Find the line with "On the video" in the entries below, then output every line from it down to the line with "Подробный решебник (ГДЗ)", exactly and with no pictures.

(Provided records begins)

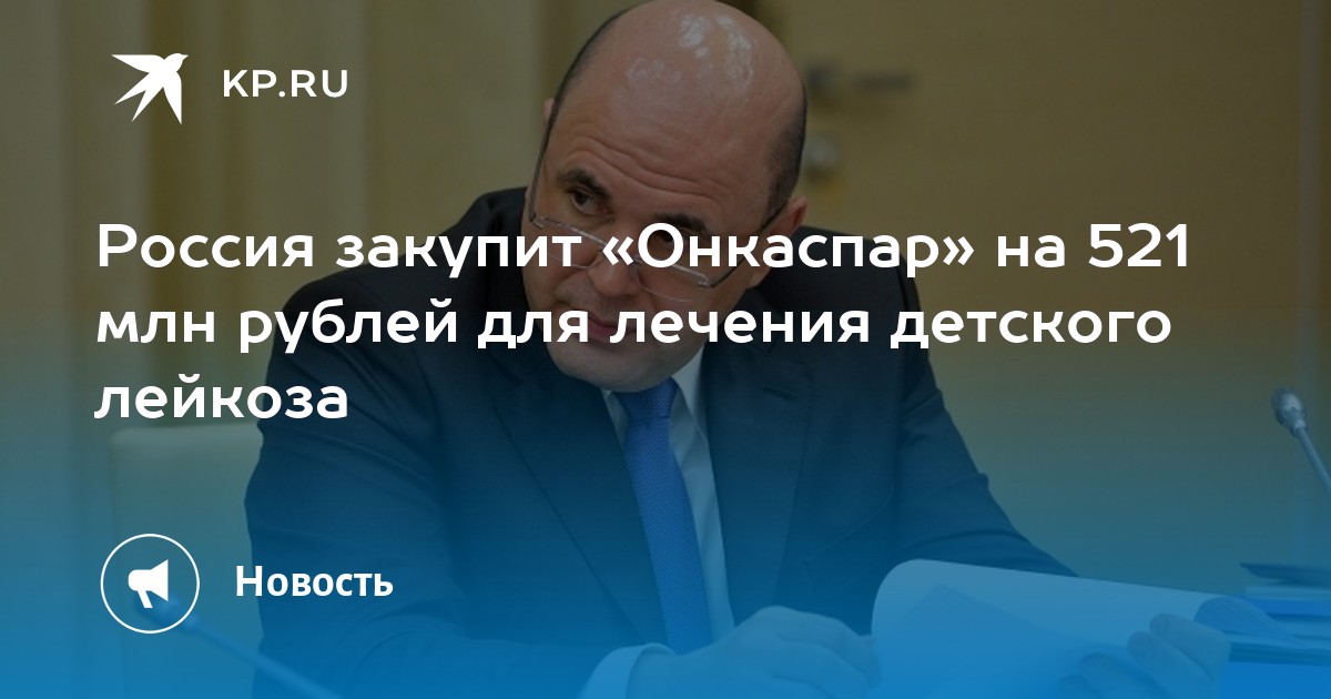 Правительство выделит 521 млн руб . на закупку, ввоз и доставку препарата Онкаспар, который предназначен для лечения острого лейкоза у детей . Соответствующий указ подписал премьер-министр России Михаил Мишустин .
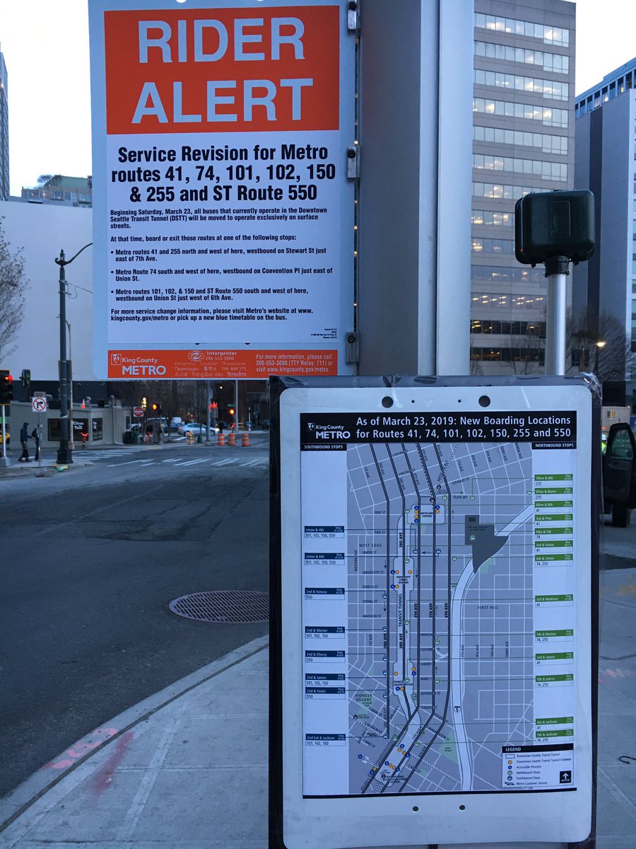 Helping you through the #SeattleSqueeze, Metro's Bill and SDOT's Christine are street teaming near Convention Place and helping customers find their new stops for former tunnel routes (41, 74, 101, 102, 150, 255 and 550). #MoreMetro #Teamwork 😍🚌 https://kingcounty.gov/depts/transportation/metro/schedules-maps/service-change.aspx …pic.twitter.com/M4A1l8Ixas
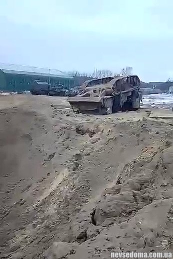 On the video – arrival consequences. Question: what does military equipment do in the industrial zone?
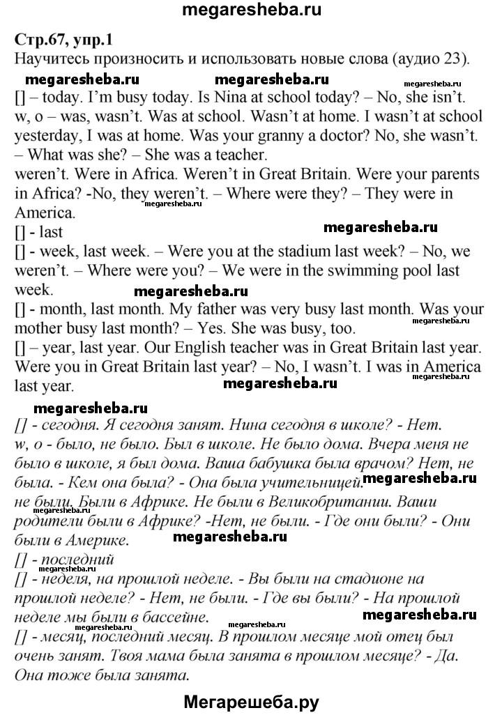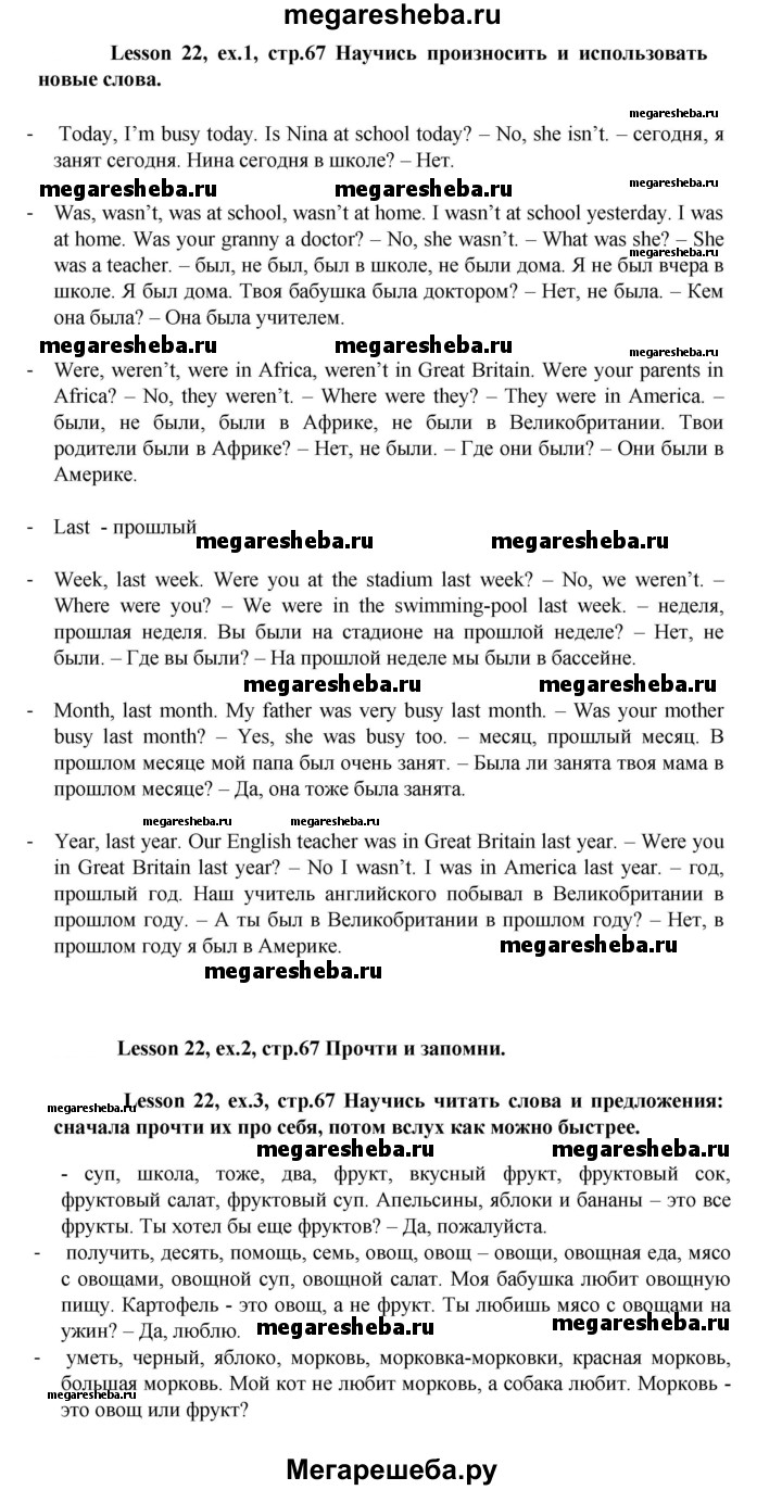Подробный решебник (ГДЗ) по Английскому языку за 3 (третий) класс - готовый ответ часть 1. страница - 67. Авторы учебника: Верещагина, Притыкина, Углубленный уровень. Издательство: Просвещение 2013-2023.
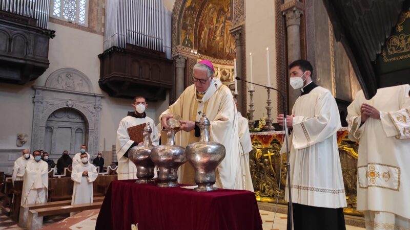 Stamattina, nella Basilica Cattedrale Protometropolitana “S. Maria Assunta”, l’Arcivescovo Metropolita Mons. Giovanni Accolla ha presieduto la Messa del Crisma, concelebrata con i presbiteri della Chiesa messinese che, interrogati dal Vescovo, hanno rinnovato le promesse fatte il giorno dell’Ordinazione sacerdotale. Durante il solenne pontificale, per antichissima tradizione, sono stati benedetti anche l’olio per il sacro crisma, l’olio degli infermi e l’olio dei catecumeni, segni sacramentali che configurano a Cristo, l’Unto nello Spirito per eccellenza.
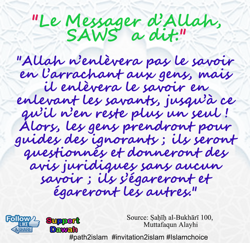 "Allah n’enlèvera pas le savoir en l’arrachant aux gens, mais il enlèvera le savoir en enlevant les savants, jusqu’à ce qu’il n’en reste plus un seul ! Alors, les gens prendront pour guides des ignorants ; ils seront questionnés et donneront des avis juridiques sans aucun savoir ; ils s’égareront et égareront les autres."
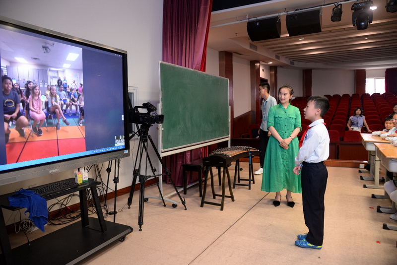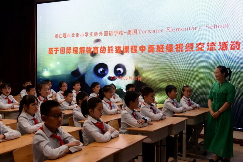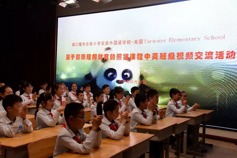 随着一声声问候,我校基于国际理解教育的熊猫课程远程视频课堂开课了!这次远程课堂是我校在美国亚利桑那州立大学孔子学院的大力支持下与美国亚利桑那州Tarwater小学开展的第一次活动,来自Tarwater小学四年级的学生与我校四年级六班学生参加了此次活动交流。

(Provided records ends)

Expected output:
 On the video – arrival consequences. Question: what does military equipment do in the industrial zone?
Подробный решебник (ГДЗ) по Английскому языку за 3 (третий) класс - готовый ответ часть 1. страница - 67. Авторы учебника: Верещагина, Притыкина, Углубленный уровень. Издательство: Просвещение 2013-2023.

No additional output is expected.